大阪大学と語ろう(2018年11月17日)開催報告

2018.11.29(木)

お知らせ

万博記念公園周辺の未来像について語り合いました

大阪万博50周年を迎える2020年度には北大阪急行電鉄(以下、北急)が箕面へ延伸し、2021年4月には、大阪大学の箕面キャンパスが新駅周辺に移転します。

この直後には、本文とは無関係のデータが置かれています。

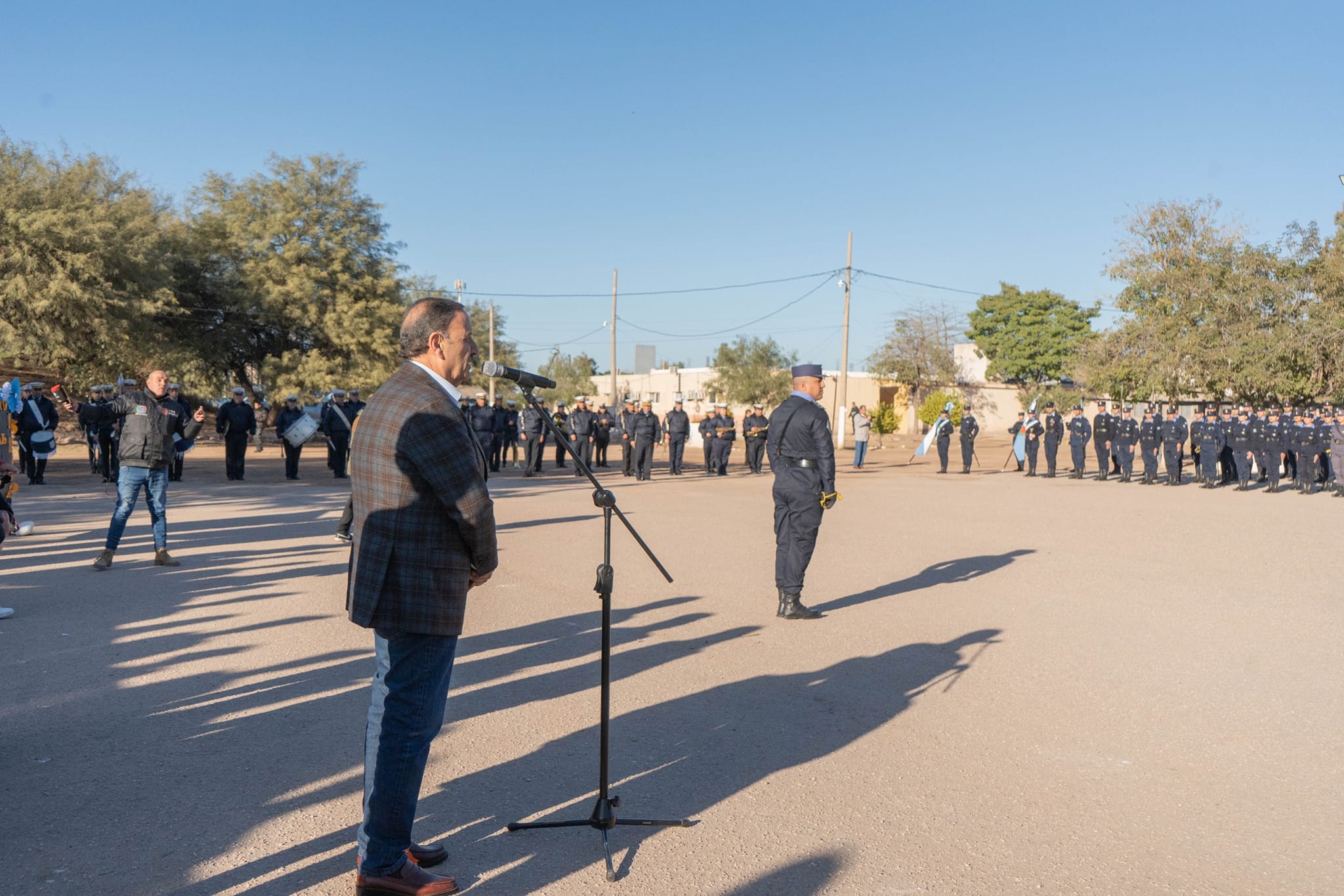 En primer término, el gobernador Ricardo Quintela expresó que “nuestro acompañamiento honra la relevancia que tiene la jura de la Bandera, el compromiso que hacen ante los ciudadanos y el compromiso ante la Insignia Patria de cumplir con sus responsabilidades, que son hacer cumplir la ley, proteger la vida y la libertad de los habitantes de esta provincia” y remarcó que “esta es una decisión de vida, la jura a la bandera es ratificar públicamente su compromiso con la sociedad y su convicción de defender los valores que ella representa”.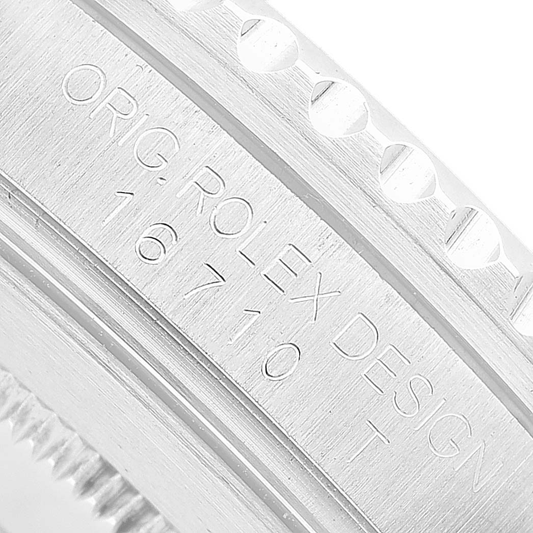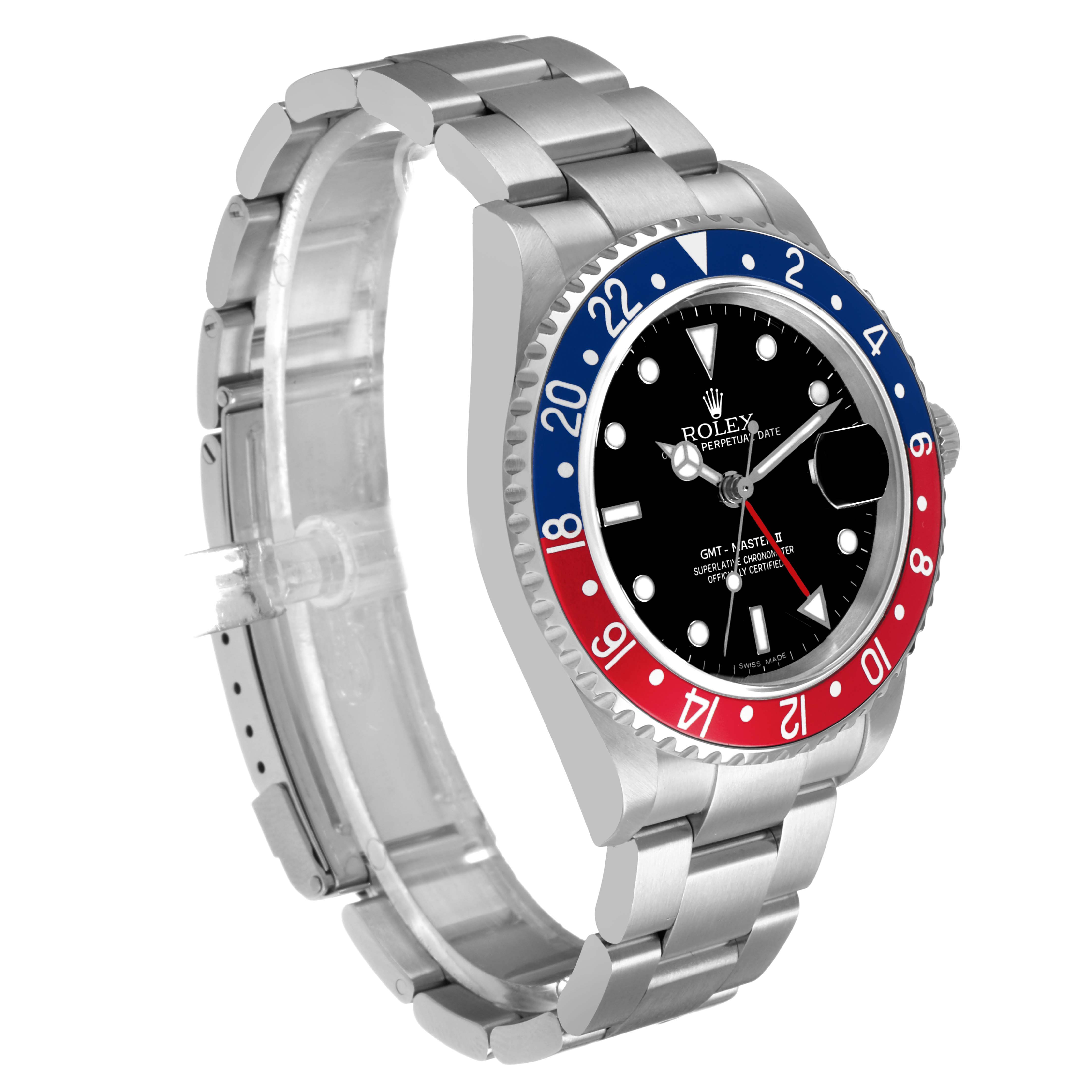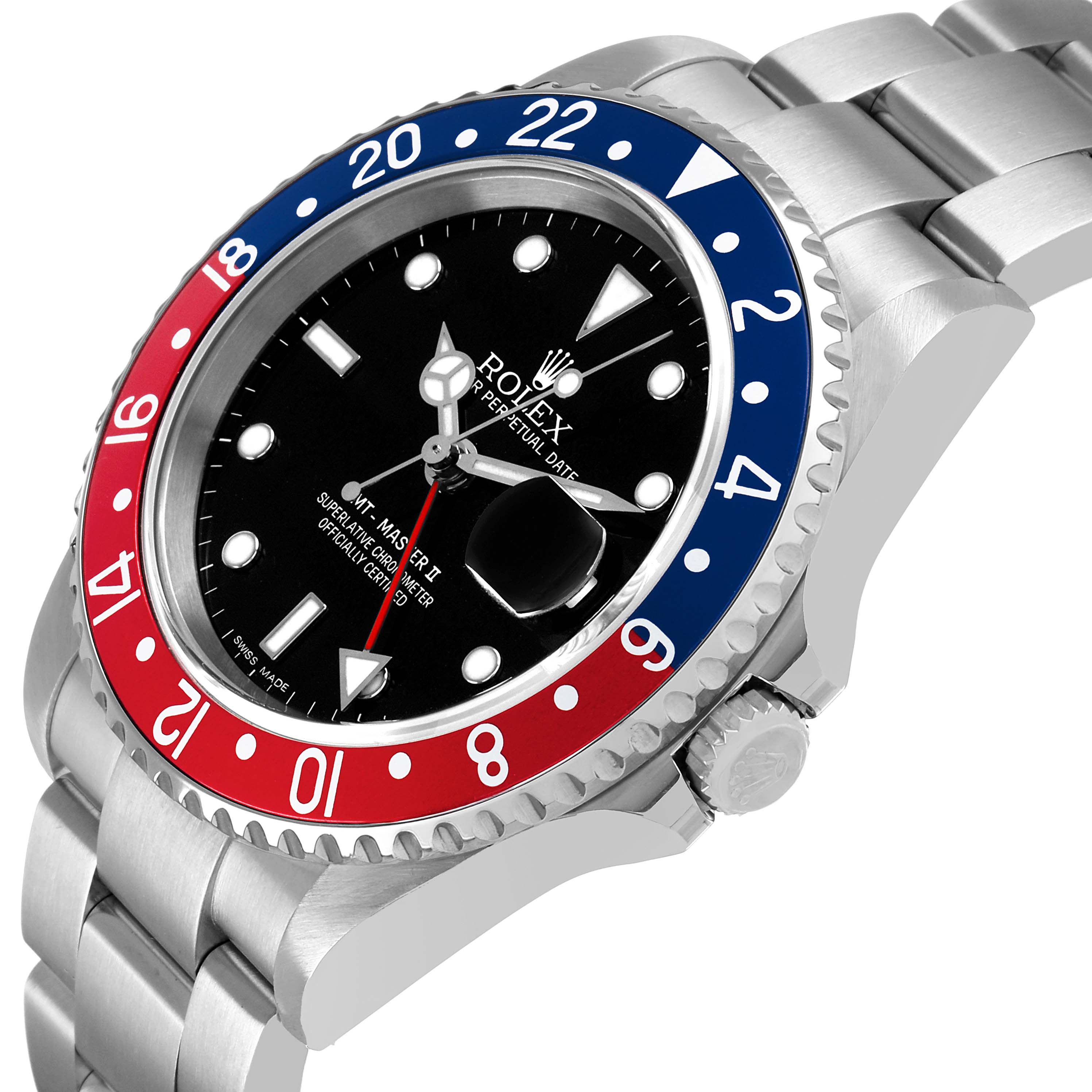 Rolex GMT Master II Blue Red Pepsi Bezel Steel Mens Watch 16710. Officially certified chronometer automatic self-winding movement. Stainless steel oyster case 40.0 mm in diameter. Rolex logo on the crown. Pointed crown guards. Stainless steel bidirectional rotating GMT bezel with a 24-hour blue and red "Pepsi" bezel insert. Scratch resistant sapphire crystal with a cyclops magnifier. Black dial with white luminescent dot hour markers and Mercedes hands. Luminescent arrow-tipped red GMT second timezone hand. Date calendar at the 3 o'clock aperture. Outer stick minute markers. Stainless steel oyster bracelet with a flip-lock clasp. Fits a 7.5" wrist.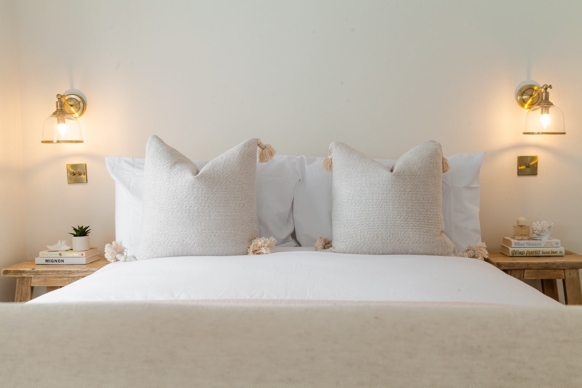 Inside, the interiors are calm, refined and effortlessly inviting. The living space centres around a characterful log burner, creating a cosy yet sophisticated setting for relaxed evenings after a day exploring the south of the island. Every finish has been carefully considered, resulting in a space that feels both high-end and welcoming.

これらを前に、地域の価値を確認しまちづくりについて議論を進めるため、産学共創本部イノベーション共創部門の支援のもと、大阪大学の教員と関係者が万博記念公園駅に集い、共創対話型イベント「大阪大学と語ろう」を実施いたしました。

<プログラム>
午前の部10:30 〜12:00
「多文化社会の教育研究と社会展開・・・北大阪急行新駅開業を前に」
−新駅開業、多文化教育研究に関して大阪大学にどんな役割を期待されますか−
(話題提供者)
北大阪急行電鉄株式会社(神谷昌平様)
北大阪急行電鉄株式会社(山内真紀様)
大阪大学外国語学部(深尾葉子准教授)
大阪大学日本語日本文化教育センター長 (加藤均教授)
(ファシリテータ)大阪大学COデザインセンター 森栗茂一教授

午後の部13:30 〜15:00
「万博記念公園の活用、提案…大阪万博50周年をにらんで」
−万博記念公園周辺での地域連携で、大阪大学にどんな役割を期待されますか−
(話題提供者)
吉本興行株式会社(河内俊昭様)
株式会社博報堂(岩宮克臣様)
エー・ビー・シー開発株式会社/ABCハウジング (牧田浩輔様)
大阪大学COデザインセンター (山崎吾郎准教授)
(ファシリテータ)大阪大学COデザインセンター 森栗茂一教授

<午前の部>

50年経っても生き続ける「万博ワクワク感」

森栗茂一教授の挨拶ではじまった、「多文化社会の教育研究と社会展開・・・北大阪急行新駅開業を前に」では、まず参加者の皆さんに大阪万博や万博記念公園のへの思いを、ざっくばらんに語っていただきました。
1970年の大阪万博体験者の感想は以下の通りです。

・太陽の塔の存在感に圧倒された
・4時間並んだ「月の石」の印象は人それぞれ
・当時珍しかった外国人との異文化接触に、大きな影響を受けた
・家が大阪だったので、ホテル代わりに多くの親戚がやってきて、賑やかだった

体験者のいずれも、大阪万博を語るときのワクワクした表情が印象的でした。
そして、20世紀の先進的な科学技術を讃える万博の跡地に、里山のような緑豊かな公園として自然を残したこと評価するコメントも聞かれました。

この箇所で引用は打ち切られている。